Your assignment: Having read the data, transcribe all of it without deviation.

Data supplied:
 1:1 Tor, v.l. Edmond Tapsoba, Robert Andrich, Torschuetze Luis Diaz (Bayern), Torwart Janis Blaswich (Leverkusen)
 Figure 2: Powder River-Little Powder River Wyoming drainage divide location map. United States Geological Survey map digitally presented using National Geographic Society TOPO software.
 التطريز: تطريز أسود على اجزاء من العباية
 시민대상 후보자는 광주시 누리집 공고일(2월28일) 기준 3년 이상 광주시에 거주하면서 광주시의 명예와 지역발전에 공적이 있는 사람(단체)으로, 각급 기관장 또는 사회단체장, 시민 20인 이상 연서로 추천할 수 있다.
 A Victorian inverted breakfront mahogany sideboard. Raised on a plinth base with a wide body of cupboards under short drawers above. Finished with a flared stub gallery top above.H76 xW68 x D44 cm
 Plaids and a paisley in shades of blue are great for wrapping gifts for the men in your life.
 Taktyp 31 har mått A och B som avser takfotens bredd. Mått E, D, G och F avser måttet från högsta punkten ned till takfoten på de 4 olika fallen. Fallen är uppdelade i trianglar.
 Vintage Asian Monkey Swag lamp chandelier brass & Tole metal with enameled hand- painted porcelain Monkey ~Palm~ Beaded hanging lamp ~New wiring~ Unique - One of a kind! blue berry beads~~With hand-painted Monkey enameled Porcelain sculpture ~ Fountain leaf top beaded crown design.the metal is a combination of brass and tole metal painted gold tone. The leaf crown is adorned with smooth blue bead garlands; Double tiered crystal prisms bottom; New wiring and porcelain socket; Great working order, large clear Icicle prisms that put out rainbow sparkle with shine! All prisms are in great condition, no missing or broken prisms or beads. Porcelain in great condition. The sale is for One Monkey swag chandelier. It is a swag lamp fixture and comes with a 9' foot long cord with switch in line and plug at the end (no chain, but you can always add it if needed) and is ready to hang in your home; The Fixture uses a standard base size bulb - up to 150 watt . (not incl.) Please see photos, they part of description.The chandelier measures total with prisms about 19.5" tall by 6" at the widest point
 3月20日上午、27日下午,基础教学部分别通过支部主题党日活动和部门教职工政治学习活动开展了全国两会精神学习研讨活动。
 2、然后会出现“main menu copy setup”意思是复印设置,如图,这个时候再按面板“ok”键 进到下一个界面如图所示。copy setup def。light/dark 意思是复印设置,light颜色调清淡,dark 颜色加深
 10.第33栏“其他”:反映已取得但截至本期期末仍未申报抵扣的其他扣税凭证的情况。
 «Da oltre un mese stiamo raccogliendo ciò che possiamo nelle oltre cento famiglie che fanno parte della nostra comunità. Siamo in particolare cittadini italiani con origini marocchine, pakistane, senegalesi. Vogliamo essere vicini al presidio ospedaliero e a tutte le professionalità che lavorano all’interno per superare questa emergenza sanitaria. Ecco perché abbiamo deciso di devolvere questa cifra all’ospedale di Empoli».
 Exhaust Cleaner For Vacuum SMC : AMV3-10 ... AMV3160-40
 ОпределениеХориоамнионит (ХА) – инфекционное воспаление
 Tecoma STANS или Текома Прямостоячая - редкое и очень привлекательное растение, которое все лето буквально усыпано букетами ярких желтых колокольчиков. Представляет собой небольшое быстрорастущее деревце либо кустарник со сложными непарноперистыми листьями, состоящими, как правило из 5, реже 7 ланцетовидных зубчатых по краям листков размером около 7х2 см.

Reply to the exercise:
 1:1 Tor, v.l. Edmond Tapsoba, Robert Andrich, Torschuetze Luis Diaz (Bayern), Torwart Janis Blaswich (Leverkusen)
 Figure 2: Powder River-Little Powder River Wyoming drainage divide location map. United States Geological Survey map digitally presented using National Geographic Society TOPO software.
 التطريز: تطريز أسود على اجزاء من العباية
 시민대상 후보자는 광주시 누리집 공고일(2월28일) 기준 3년 이상 광주시에 거주하면서 광주시의 명예와 지역발전에 공적이 있는 사람(단체)으로, 각급 기관장 또는 사회단체장, 시민 20인 이상 연서로 추천할 수 있다.
 A Victorian inverted breakfront mahogany sideboard. Raised on a plinth base with a wide body of cupboards under short drawers above. Finished with a flared stub gallery top above.H76 xW68 x D44 cm
 Plaids and a paisley in shades of blue are great for wrapping gifts for the men in your life.
 Taktyp 31 har mått A och B som avser takfotens bredd. Mått E, D, G och F avser måttet från högsta punkten ned till takfoten på de 4 olika fallen. Fallen är uppdelade i trianglar.
 Vintage Asian Monkey Swag lamp chandelier brass & Tole metal with enameled hand- painted porcelain Monkey ~Palm~ Beaded hanging lamp ~New wiring~ Unique - One of a kind! blue berry beads~~With hand-painted Monkey enameled Porcelain sculpture ~ Fountain leaf top beaded crown design.the metal is a combination of brass and tole metal painted gold tone. The leaf crown is adorned with smooth blue bead garlands; Double tiered crystal prisms bottom; New wiring and porcelain socket; Great working order, large clear Icicle prisms that put out rainbow sparkle with shine! All prisms are in great condition, no missing or broken prisms or beads. Porcelain in great condition. The sale is for One Monkey swag chandelier. It is a swag lamp fixture and comes with a 9' foot long cord with switch in line and plug at the end (no chain, but you can always add it if needed) and is ready to hang in your home; The Fixture uses a standard base size bulb - up to 150 watt . (not incl.) Please see photos, they part of description.The chandelier measures total with prisms about 19.5" tall by 6" at the widest point
 3月20日上午、27日下午,基础教学部分别通过支部主题党日活动和部门教职工政治学习活动开展了全国两会精神学习研讨活动。
 2、然后会出现“main menu copy setup”意思是复印设置,如图,这个时候再按面板“ok”键 进到下一个界面如图所示。copy setup def。light/dark 意思是复印设置,light颜色调清淡,dark 颜色加深
 10.第33栏“其他”:反映已取得但截至本期期末仍未申报抵扣的其他扣税凭证的情况。
 «Da oltre un mese stiamo raccogliendo ciò che possiamo nelle oltre cento famiglie che fanno parte della nostra comunità. Siamo in particolare cittadini italiani con origini marocchine, pakistane, senegalesi. Vogliamo essere vicini al presidio ospedaliero e a tutte le professionalità che lavorano all’interno per superare questa emergenza sanitaria. Ecco perché abbiamo deciso di devolvere questa cifra all’ospedale di Empoli».
 Exhaust Cleaner For Vacuum SMC : AMV3-10 ... AMV3160-40
 ОпределениеХориоамнионит (ХА) – инфекционное воспаление
 Tecoma STANS или Текома Прямостоячая - редкое и очень привлекательное растение, которое все лето буквально усыпано букетами ярких желтых колокольчиков. Представляет собой небольшое быстрорастущее деревце либо кустарник со сложными непарноперистыми листьями, состоящими, как правило из 5, реже 7 ланцетовидных зубчатых по краям листков размером около 7х2 см.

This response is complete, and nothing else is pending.